Installation¶
Software installation outside python¶
sudo apt install git
Datatoolbox python dependencies¶
See enviroment file.
Set up datatoolbox and connect to a database¶
First time you import datatoolbox, you need to set up the local database and link it to datatoolbox. Otherwise, a simple SANDBOX data structure is loaded for playing around.
1) Create local empty database folder¶
import datatoolbox as dt
dt.admin.create_empty_datashelf('/your/path/on/local/hard_disk')
This created an empty database that can be linked to datatoolbox. This link is one by creating you personal setting including you name and the same path to the database folder on you hard disk without quotation marks.
dt.admin.change_personal_config()

2) Set up remote Access¶
Datatoolbox allows to automatically integrate new data sets by using git + ssh connections. However, this requires having git installed on you system and ssh connection properly set up. The following example shows the outlines the required steps to access gitlab via ssh:
Create account and apply to https://gitlab.com/climateanalytics
set up ssh key access (https://docs.gitlab.com/ee/ssh/)
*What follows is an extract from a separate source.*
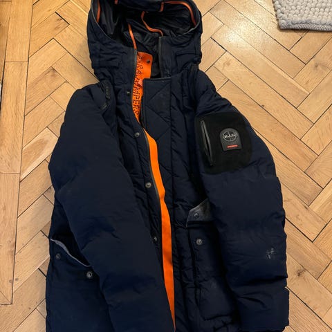 Jakka ble kjøpt i november 2024, men ikke tatt i bruk før på vårparten. Da den var feil størrelse, ble den kun et fåtall ganger brukt til/fra jobb, og er såpass lite brukt at brettemerkene fra da den var helt ny er fortsatt tilstede, se bilde.

Available datasets on gitlab: https://gitlab.com/climateanalytics/datashelf
3) Import remote sources¶
Import of remote source (using git in the background)
import datatoolbox as dt
dt.core.DB.importSourceFromRemote('WDI_2020')
dt.core.DB.importSourceFromRemote('PRIMAP_2019')
After the import, the datasets will be available in your local database and can be accessed by functions of datatoolbox.